2 Replies Latest reply on Nov 3, 2016 3:29 AM by zak_bm

    SX6036 IPoIB speed issue

    zak_bm

      Hi,

       

      I was hoping that someone would be able to help me.

      I have 15 HP DL380 gen9 servers running Windows Server 2012 R2 each with dual port HP Connect-X3 VPI cards connected to a Mellanox SX6036 switch.

      The line speed is correctly displayed as 32Gbps (QDR) but we are not getting anywhere near that performance. Real-world RDMA speeds seems to max out at 25Gbps (which is OK but could be better) but the maximum speed we seem to get with IPoIB  is 1Gbps. Below is a ntttcp test:

       

      c:\temp\NTttcp-v5.31\x64>ntttcp.exe -r -m 8,*,10.167.255.111  -rb 2M -a 16 -t 30

       

      Copyright Version 5.31

      Network activity progressing...

       

       

      Thread  Time(s) Throughput(KB/s) Avg B / Compl

      ======  ======= ================ =============

           0 30.062 1896.880     65536.000

      1   30.046 1414.365     63434.262

      2   30.124 1459.567     64410.918

      3   30.093 2473.399     65536.000

      4   30.062 1847.914     65536.000

      5   30.062 2452.531     65365.777

      6   30.047 2726.406     63310.495

      7   30.047 2890.476     61291.891

       

       

      #####  Totals:  #####

       

       

      Bytes(MEG)    realtime(s) Avg Frame Size Throughput(MB/s)

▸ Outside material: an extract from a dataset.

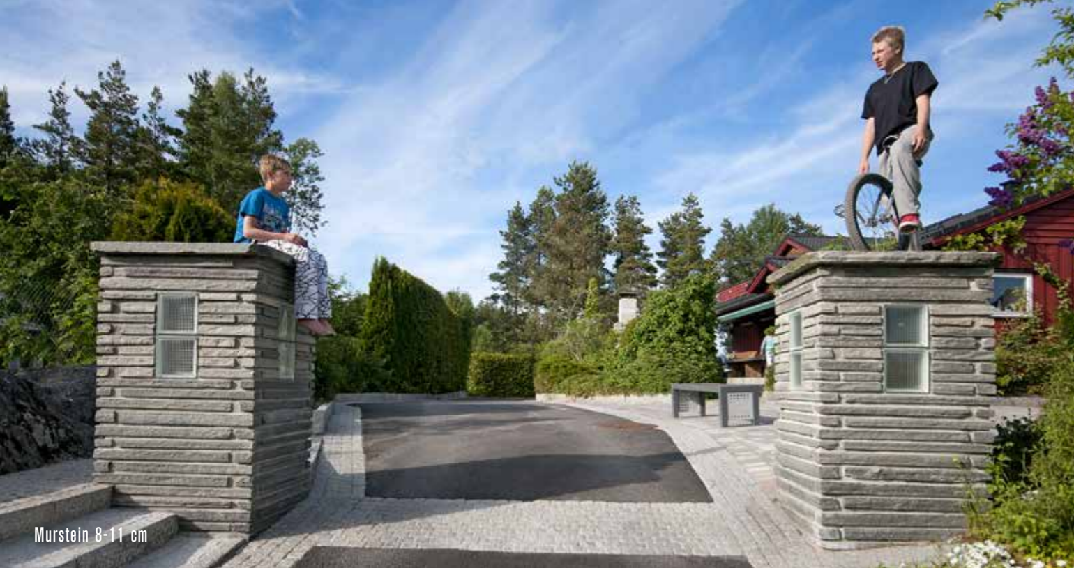
Murstein 8-11 cm

      ================ =========== ============== ================

            503.877392 30.069 3966.649           16.757

       

       

      Throughput(Buffers/s) Cycles/Byte       Buffers

      ===================== =========== =============

      268.118     395.755      8062.038

       

       

      DPCs(count/s) Pkts(num/DPC)   Intr(count/s) Pkts(num/intr)

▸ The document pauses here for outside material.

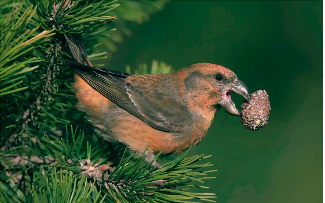
54 Parrot Crossbill / Grote Kruisbek Loxia pytyopsittacus , male, Asserbo, Sjælland, Denmark, 24 November 2007 (Lars Halkjær)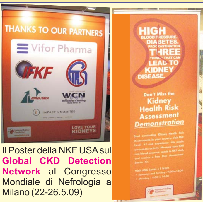
Il Poster della NKF USA sul Global CKD Detection Network al Congresso Mondiale di Nefrologia a Milano (22-26.5.09)

Conoscere i Reni , l'opuscolo tascabile che illustra in forma elementare i reni, come funzionano, quali sono le malattie renali più comuni, quali le terapie (inclusi dialisi e trapianti), come prevenirle, è disponibile per la distribuzione nelle postazioni Camper, nelle Scuole e negli ambulatori, per il gentile contributo di ABBOTT Renal Care. Chi ne volesse copie per distribuirle deve richiederle subito a firandreucci@yahoo.it .

      ============= ============= =============== ==============

      81.845 54.124 5762.646          0.769

       

       

      Packets Sent Packets Received Retransmits Errors Avg. CPU %

      ============ ================ =========== ====== ==========

      7198 133199 2      6     15.137

       

       

      We have a similar environment which is slightly different. 9 HP DL380 , Connect-X3 cards connected to a IS5022 switch. This environment performs as expected:

       

      c:\temp\NTttcp-v5.31\x64>ntttcp.exe -s -m 8,*,192.168.84.10 -l 128k -a 2 -t 30

      Copyright Version 5.31

      Network activity progressing...

       

       

      Thread  Time(s) Throughput(KB/s) Avg B / Compl

      ======  ======= ================ =============

           0 30.000       469060.267 131072.000

           1 30.000       359970.133 131072.000

           2 30.000       446084.267 131072.000

           3 30.000       437909.333 131072.000

           4 30.000       348608.000 131072.000

           5 30.000       387993.600 131072.000

           6 30.000       348654.933    131072.000

           7 30.000       357444.267 131072.000

       

       

      #####  Totals:  #####

       

       

         Bytes(MEG)    realtime(s) Avg Frame Size Throughput(MB/s)

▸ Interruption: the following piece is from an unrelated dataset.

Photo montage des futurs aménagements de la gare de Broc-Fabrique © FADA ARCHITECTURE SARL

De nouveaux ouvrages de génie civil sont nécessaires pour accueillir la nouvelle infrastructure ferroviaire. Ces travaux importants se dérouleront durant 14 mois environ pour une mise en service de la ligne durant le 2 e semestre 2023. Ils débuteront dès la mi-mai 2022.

      ================ =========== ============== ================

      92452.875000 30.000 4037.074         3081.762

       

       

      Throughput(Buffers/s) Cycles/Byte       Buffers

      ===================== =========== =============

      24654.100       0.614 739623.000

       

       

      DPCs(count/s) Pkts(num/DPC)   Intr(count/s) Pkts(num/intr)

      ============= ============= =============== ==============

      51664.567 1.719 72494.233          1.225

       

       

      Packets Sent Packets Received Retransmits Errors Avg. CPU %

      ============ ================ =========== ====== ==========

      24013397 2663789 15      6      6.892

       

       

      The only major difference between the two environments is the switch. I’m pretty sure that the SX6036 is configured correctly but there must be something wrong if we are getting a throughput of 16MBps compared with 3081MBps!

       

      Any help on this issue would be much appreciated. I can provide switch config and more details if required.

       

      Thanks,

      Zak

        • Re: SX6036 IPoIB speed issue
          rage@mellanox.com

          Hello Zak,

           

          Check/Do the following:

          1. Make sure you have the latest Mellanox Driver/Firmware

          2. Make sure you are able to reach line rate speed with "nd_write_bw.exe" which comes with Mellanox WinOF( http://www.mellanox.com/page/products_dyn?product_family=32&mtag=windows_sw_drivers  )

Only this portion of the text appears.